Prime Minister Boris Johnson is facing calls to respond to allegations he broke COVID rules by hosting a festive quiz at Downing Street while restrictions were in force.
Labour said the prime minister “might have misled” MPs after he told the House of Commons he had been given assurances that social distancing measures were not broken by Number 10 last year.
The party is calling on Mr Johnson to attend Parliament to “fess up” about whether he and staff partied and socialised while restrictions were in place.
It comes amid fresh claims over the weekend that the PM was involved in an impromptu quiz on 15 December last year, with the Sunday Mirror publishing a photo showing him flanked by colleagues, draped in tinsel and wearing a Santa hat, in the Number 10 library.
The newspaper quoted a source who claimed that many staff were huddled by computers in their offices, conferring on questions and drinking alcohol, while the quiz was taking place.
Downing Street has confirmed Mr Johnson “briefly” attended the “virtual” quiz at the end of last year.
At the time, Tier 2 restrictions were in place across London which stated that there could be no mixing of households indoors, apart from support bubbles, and a maximum of six people outside.
Official guidance also set out that there should not be work lunches or parties “where that is a primarily social activity” and was not exempted for “work purposes”.
Sir Keir Starmer told the BBC that the latest revelation about Mr Johnson meant it was “very hard” to see how the rules could have been adhered to.
Deputy Labour leader Angela Rayner said: “Despite repeated denials of parties in Number 10, it has now transpired that there were numerous parties, gatherings and the prime minister even took part in a festive quiz.

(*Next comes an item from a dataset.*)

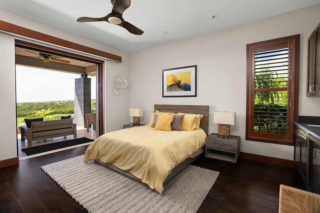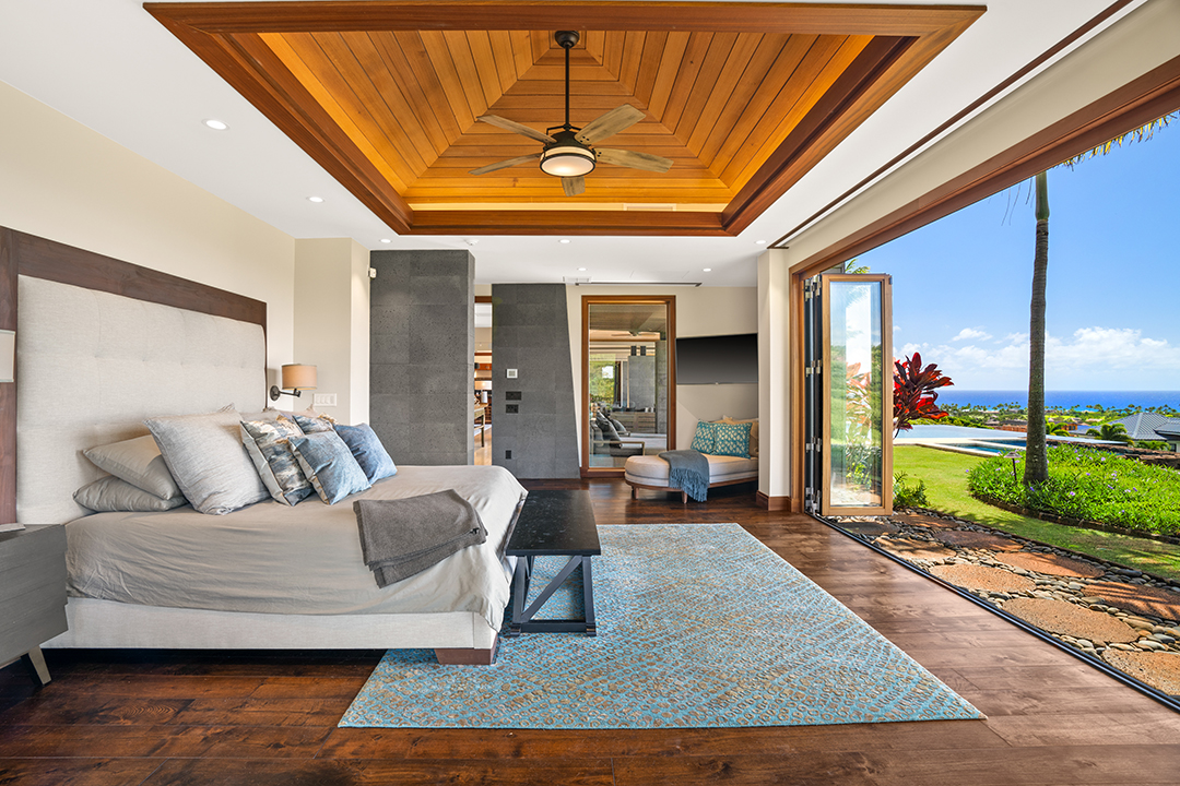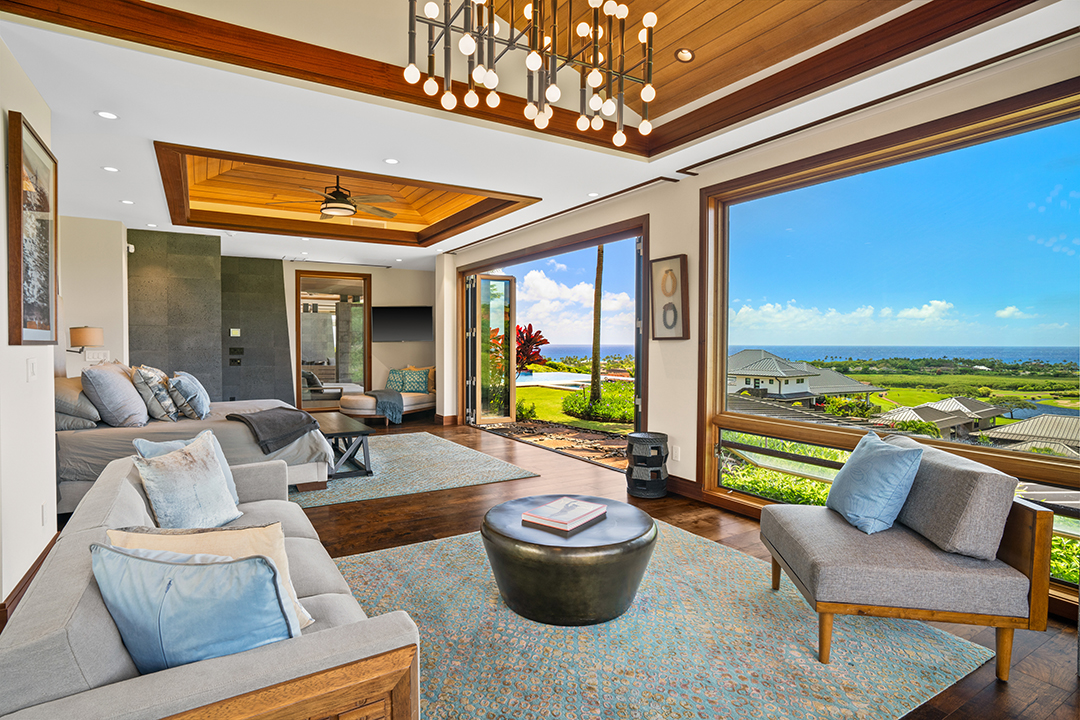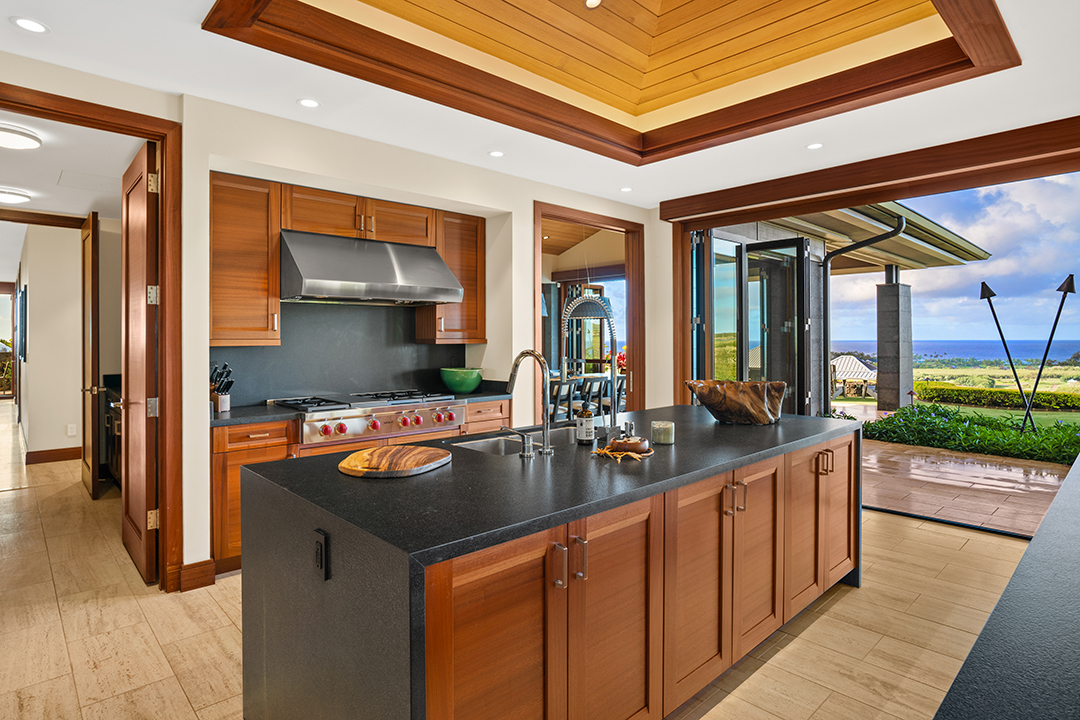 In true Hawaii fashion, the home is like one large covered lanai, holding large doors and windows that usher in warm light and fresh air. A stunning chef’s kitchen, featuring two central islands and top-of-the-line appliances, awaits for an avid cook. Don’t feel too pressured, though, as living within the Kukui’ula community provides access to two restaurants and a clubhouse.

“It appears that Boris Johnson lied to the country and broke the law.
“It is increasingly clear that the prime minister presided over a culture of ignoring the rules that he told everyone else to follow. It’s time to fess up.”
She added: “Boris Johnson and the Conservatives really believe it’s one rule for them, another for everyone else.”
Investigation launched into potential rule-breaking in government last year
The Times reported that the online quiz will be included as part of Cabinet Secretary Simon Case’s investigation into potential rule-breaking in government last year.
The head of the Civil Service is already looking into claims of a December Christmas party and November staff leaving do at Number 10, as well as festive drinks at the Department for Education.
Mr Case has the power to widen the investigation if fresh evidence comes to light, according to the Cabinet Office.
On Sunday, Education Secretary Nadhim Zahawi defended Mr Johnson telling broadcasters that the virtual event had respected the rules.